» **DATASET RECORDS**:
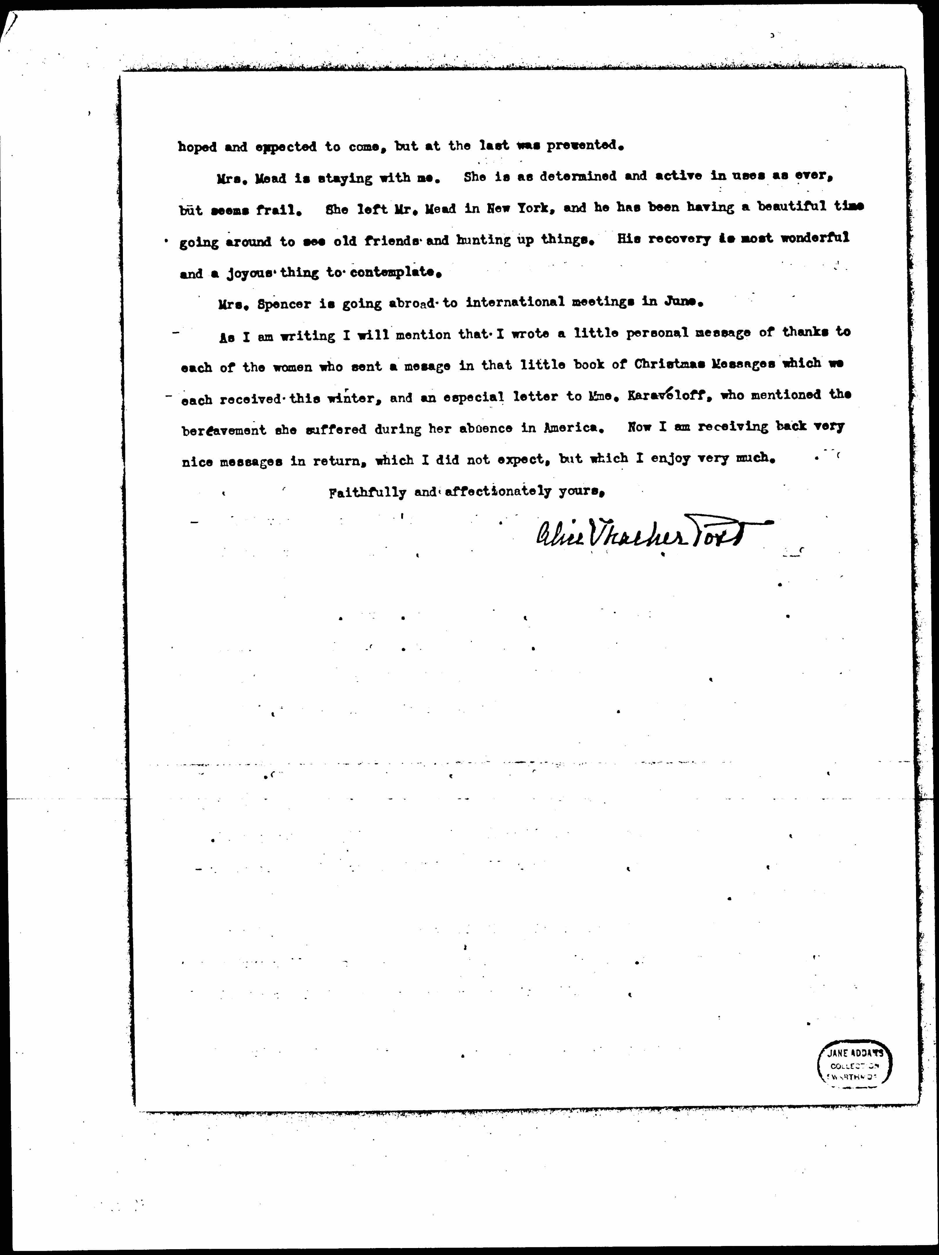 As I am writing I will mention that I wrote a little personal message of thanks to each of the women who sent a [message] in that little book of Christmas Messages which we each received this winter, and an especial letter to Mme. Karavéloff, who mentioned the bereavement she suffered during her absence in America. Now I am receiving back very nice messages in return, which I did not expect, but I enjoy very much.
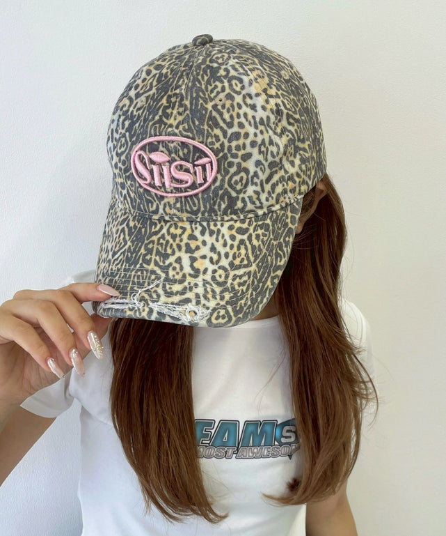 Lレオパードダメージ刺繍キャップ
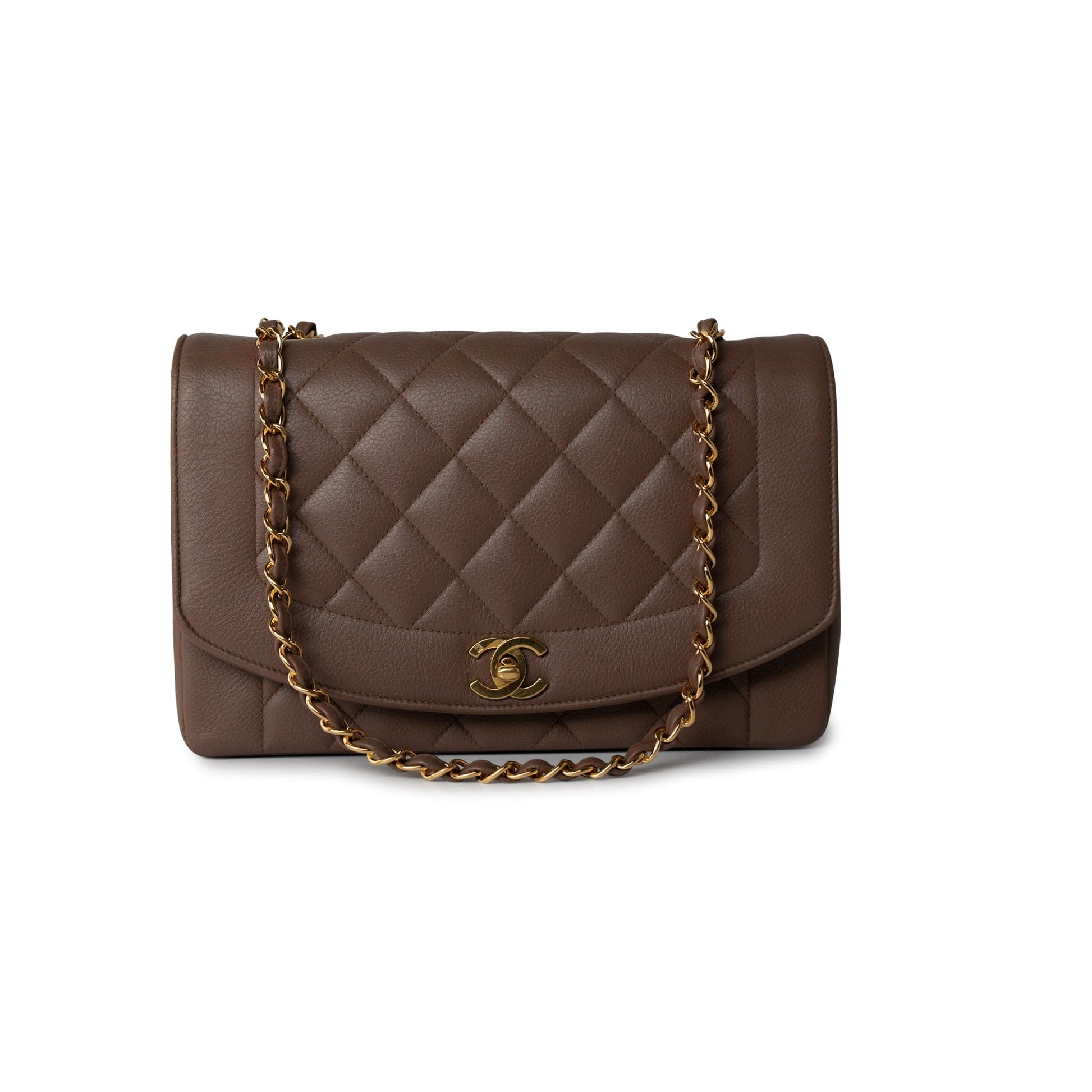 Vintage Brown Caviar Quilted Medium Diana Flap Gold Hardware
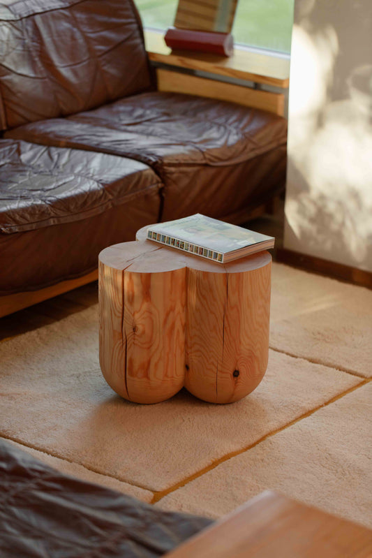 Pöydät on valmistettu sorvaamalla suomalaisen hirsitalotehtaan ylijäämähirsistä. Materiaalina pohjoisen tiheäsyinen mänty. Pöydät valmistetaan Suomessa.
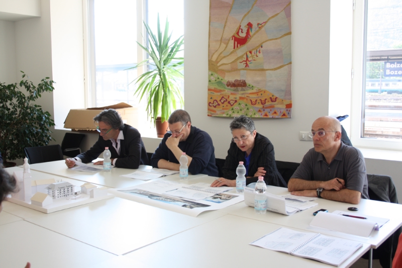 Eingehend besprochen wurde insbesondere der Eingangsbereich zum unterirdischen Geschäft und zur Garage: "Der Vorbau soll", so Landesbeiratsmitglied Sonja Gasparin, "so klein als möglich ausfallen, um den Abstand zum nahe gelegenen denkmalgeschützten Gebäude der alten Gemeinde zu gewähren." Dieter Jüngling betonte, dass der Vorbau eine eigene Sprache sprechen sollte, "wo zierliche Elemente im Gegensatz zum massiven Bau eine spannenden Dialog erzeugen könnten." Sergio Pascolo unterstrich die Wichtigkeit der Materialien und der Farbgebung des Komplexes an dieser prominenten Lage, und regte die Planer an, Materialproben zu erstellen.
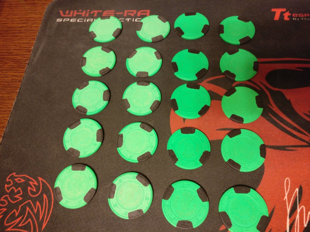 2) Don't try to guess the colours of your chips until you've cleaned them. I mis-guessed on three large lots, and several singles.
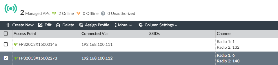 - Select the unknown FortiAP devices and either click More > Authorize from the toolbar, or right-click and select Authorize. Allow a few moments for the APs to authorize.
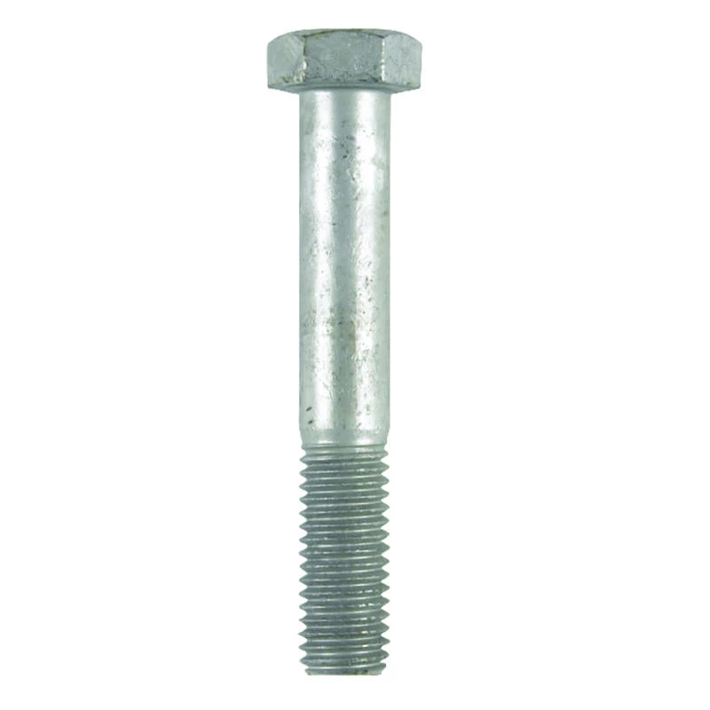 Hex bolts are machine bolts that have been designed to adhere facing materials to prevent shear movement; specifically for use in wood to wood, wood to metal, or metal to metal applications. Galvanized, grade 2 hex bolts are recommended for most general uses and are corrosion resistant. Be sure to pre-drill any holes and to use washers and nuts that are a similar grade and finish. *
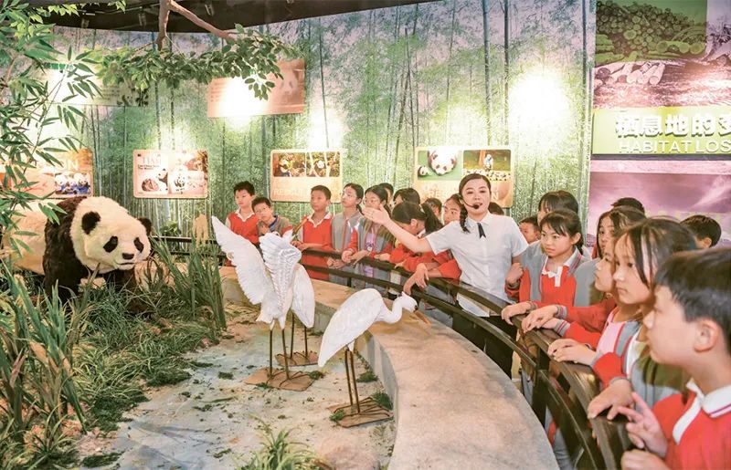 新時代以來,教育系統(tǒng)著力推動思想政治教育、專業(yè)教育與創(chuàng)新教育、社會實踐、志愿服務(wù)等的融合。圖為2024年5月17日,學(xué)生們在江西宜豐熊貓科技館開展“行走的思政課”主題科普教育活動,增強(qiáng)節(jié)約資源和保護(hù)自然環(huán)境意識。 人民圖片 周亮/攝
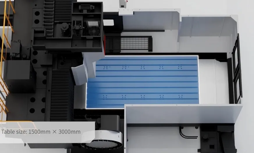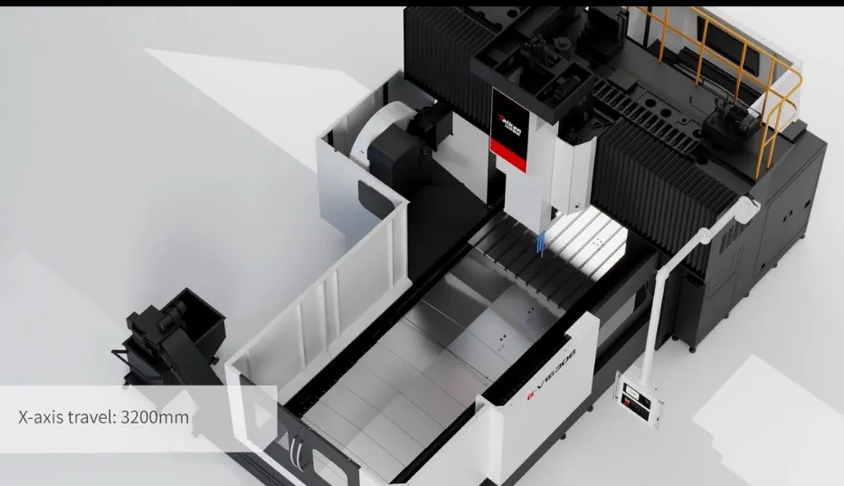 - Transportador de cavacos em espiral: um conjunto em cada lado da mesa de trabalho, com diâmetro de parafuso de 120 mm e grande seção transversal quadrada de aço, expelindo rapidamente os cavacos para fora da máquina.

» **WHAT IS NEEDED**: Copy the records above exactly, leaving out every picture.

» **RESPONSE FOR THIS EXERCISE**:
 As I am writing I will mention that I wrote a little personal message of thanks to each of the women who sent a [message] in that little book of Christmas Messages which we each received this winter, and an especial letter to Mme. Karavéloff, who mentioned the bereavement she suffered during her absence in America. Now I am receiving back very nice messages in return, which I did not expect, but I enjoy very much.
 Lレオパードダメージ刺繍キャップ
 Vintage Brown Caviar Quilted Medium Diana Flap Gold Hardware
 Pöydät on valmistettu sorvaamalla suomalaisen hirsitalotehtaan ylijäämähirsistä. Materiaalina pohjoisen tiheäsyinen mänty. Pöydät valmistetaan Suomessa.
 Eingehend besprochen wurde insbesondere der Eingangsbereich zum unterirdischen Geschäft und zur Garage: "Der Vorbau soll", so Landesbeiratsmitglied Sonja Gasparin, "so klein als möglich ausfallen, um den Abstand zum nahe gelegenen denkmalgeschützten Gebäude der alten Gemeinde zu gewähren." Dieter Jüngling betonte, dass der Vorbau eine eigene Sprache sprechen sollte, "wo zierliche Elemente im Gegensatz zum massiven Bau eine spannenden Dialog erzeugen könnten." Sergio Pascolo unterstrich die Wichtigkeit der Materialien und der Farbgebung des Komplexes an dieser prominenten Lage, und regte die Planer an, Materialproben zu erstellen.
 2) Don't try to guess the colours of your chips until you've cleaned them. I mis-guessed on three large lots, and several singles.
 - Select the unknown FortiAP devices and either click More > Authorize from the toolbar, or right-click and select Authorize. Allow a few moments for the APs to authorize.
 Hex bolts are machine bolts that have been designed to adhere facing materials to prevent shear movement; specifically for use in wood to wood, wood to metal, or metal to metal applications. Galvanized, grade 2 hex bolts are recommended for most general uses and are corrosion resistant. Be sure to pre-drill any holes and to use washers and nuts that are a similar grade and finish. *
 新時代以來,教育系統(tǒng)著力推動思想政治教育、專業(yè)教育與創(chuàng)新教育、社會實踐、志愿服務(wù)等的融合。圖為2024年5月17日,學(xué)生們在江西宜豐熊貓科技館開展“行走的思政課”主題科普教育活動,增強(qiáng)節(jié)約資源和保護(hù)自然環(huán)境意識。 人民圖片 周亮/攝
 - Transportador de cavacos em espiral: um conjunto em cada lado da mesa de trabalho, com diâmetro de parafuso de 120 mm e grande seção transversal quadrada de aço, expelindo rapidamente os cavacos para fora da máquina.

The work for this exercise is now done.